Under Obamacare, employers had to provide contracept­ion coverage to women with no out-of-pocket costs. The law carved out exemptions for churches and religious groups. And after the arts-andcrafts chain Hobby Lobby took its case to the U.S. Supreme Court in 2014, the exemptions were expanded to include small, family-owned companies that oppose the birth control mandate on religious or moral grounds.

Now, in the name of “religious liberty,” the Trump administra­tion has issued regulation­s allowing companies to end birth control coverage without having to seek a government waiver. All they have to do is notify their employees that their benefits have changed.
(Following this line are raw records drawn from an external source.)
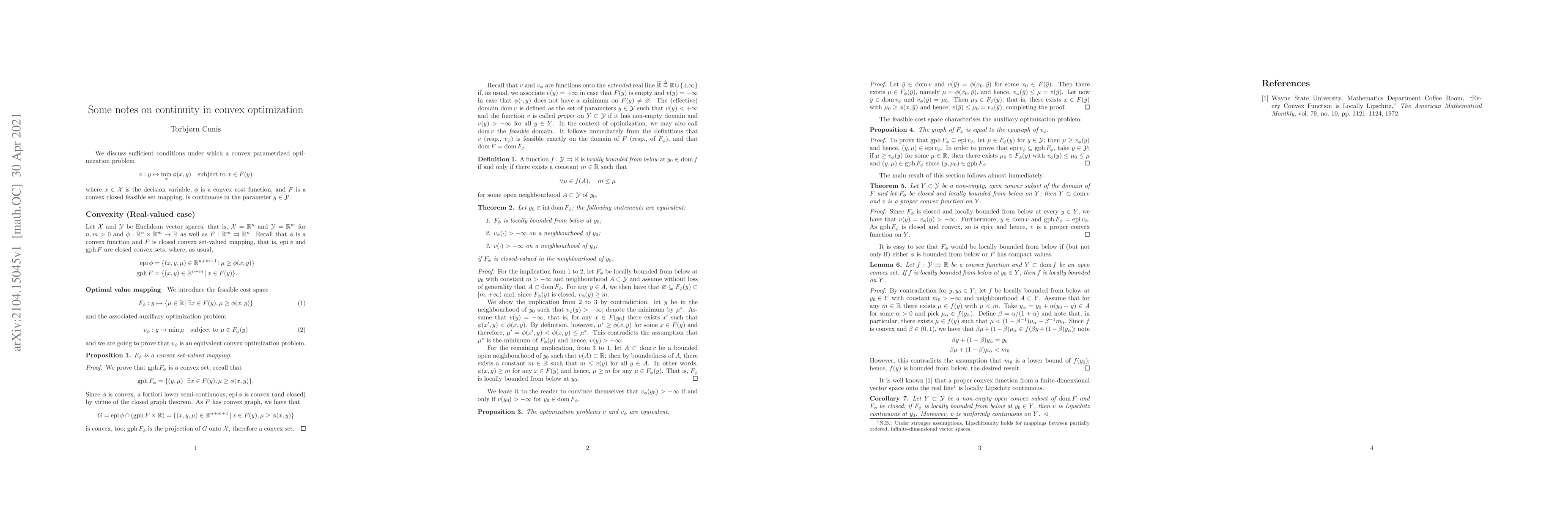 We provide proof that the optimal value function of a convex parametrized optimization problem in Euclidean spaces is itself a convex function onto the extended real line.
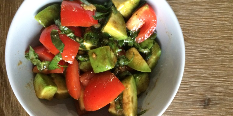 Hello:) I think that basil is my favourite herb out of the ones that I’ve posted about- the smell of it when you pick it off the plant is just amazing! This salad really showcases fresh basil, along with plump Roma tomatoes and perfectly ripe avocados. The simple balsamic dressing ties everything together. For this recipe, you’ll need to Chiffonade your basil, which basically means to cut it into thin strips. I’ll show you how to do this before giving you the recipe to this tasty salad. Enjoy!
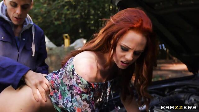 Description:Ella Hughes and her friend are left stranded when their car breaks down. They call for help and Chris Diamond is the lucky guy who gets to assist them during their time of need. Ella can't help but check out her knight in shining armor (and the big cock he appears to be hiding under his coveralls!). When her friend offers to pay for the gas the rest of the way if she can manage to get the car fixed for free, Ella gladly accepts the challenge. The sexy redhead puts her perfect ass on display for Chris, who quickly puts his hands to work, peeling off her tight booty shorts and fingering her wet pussy before the two have hardcore anal sex outdoors!
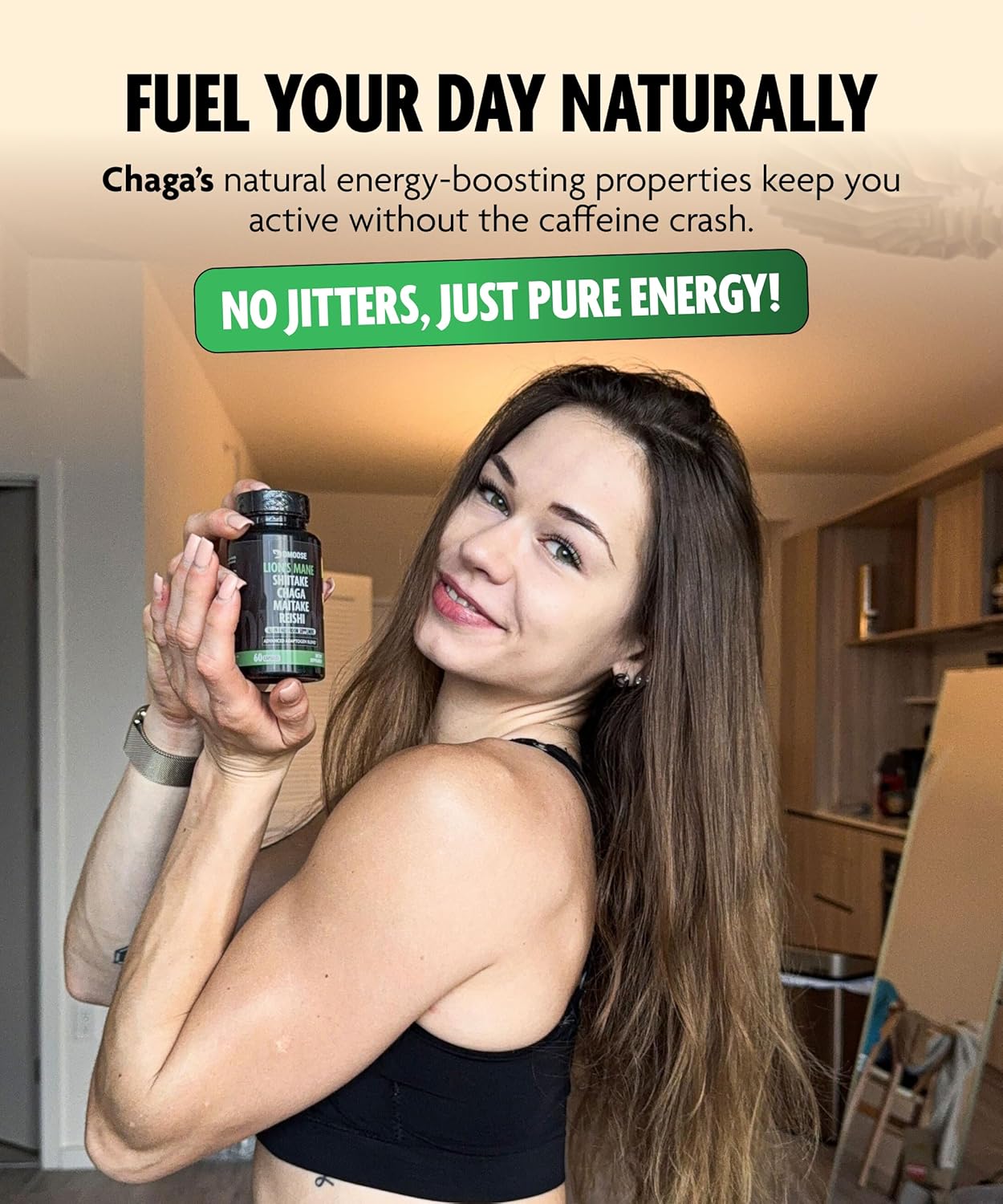 Helps Boost Your Immune System: Fortify your body with the power of Chaga, Maitake, and Shiitake Mushrooms. Each 100mg serving helps you strengthen your immune system to protect against daily challenges and maintain overall health. This Mushroom Blend is rich in natural compounds that help your body stay resilient, making it an essential addition to your wellness routine.
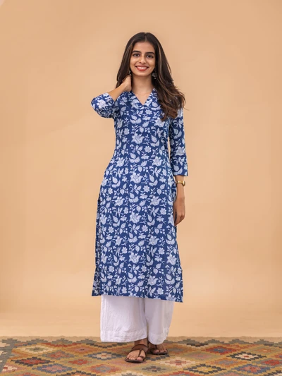 Moonlit Indigo Floral Kurta
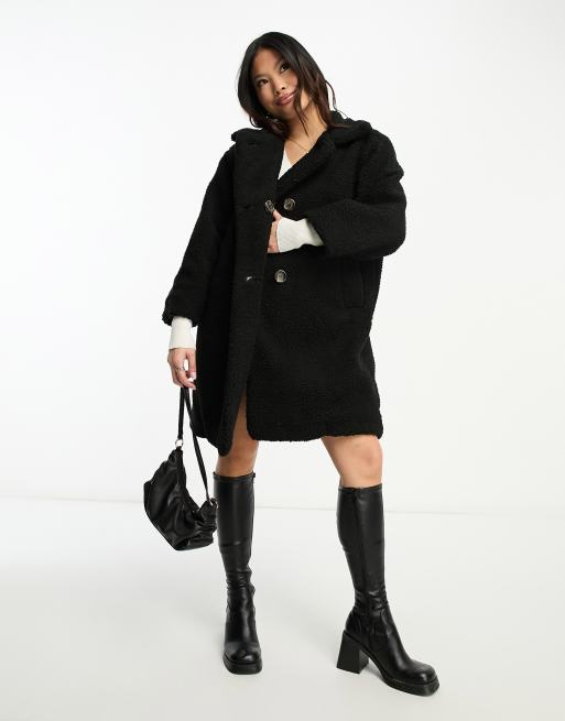 DTT Petite Teddy longline double breasted teddy jacket in black Very well made.

Many practicing Catholics oppose the mandate on religious grounds, for church teachings say it’s a sin to use contracept­ive pills and devices that interfere with the divine plan for new life. Church leaders also have argued that contributi­ng to an insurance pool, which includes others covered by the mandate, is tantamount to being forced to sin.

By contrast, evangelica­l Christians, a voting bloc that helped put President Trump in the White House, generally do not discourage the use of birth control. In many Protestant and evangelica­l congregati­ons, contracept­ion — including sterilizat­ion — is viewed as a normal and responsibl­e practice for married Christian couples.

Most Americans support the birth control mandate. A 2015 Washington Post/ Kaiser Family Foundation poll found 77 percent of women and 64 percent of men support laws requiring health plans to cover the cost of birth control. This is not surprising given that in 2013 alone, it helped women save an estimated $1.4 billion, according to the National Women’s Law Center.

Earlier this month, U.S. House and Senate Democrats, including Rep. Lois Frankel of West Palm Beach, introduced the “Protect Access to Birth Control Act” to block the recent rollback. But minus Republican support, the bill stands no chance of passage.

In the big picture, Senate Republican­s want the states — not the federal government — to decide what constitute­s adequate health care coverage. In many ways, the birth control mandate is a test of how well the states would listen.

And in listening to women on birth control, Florida scores an F.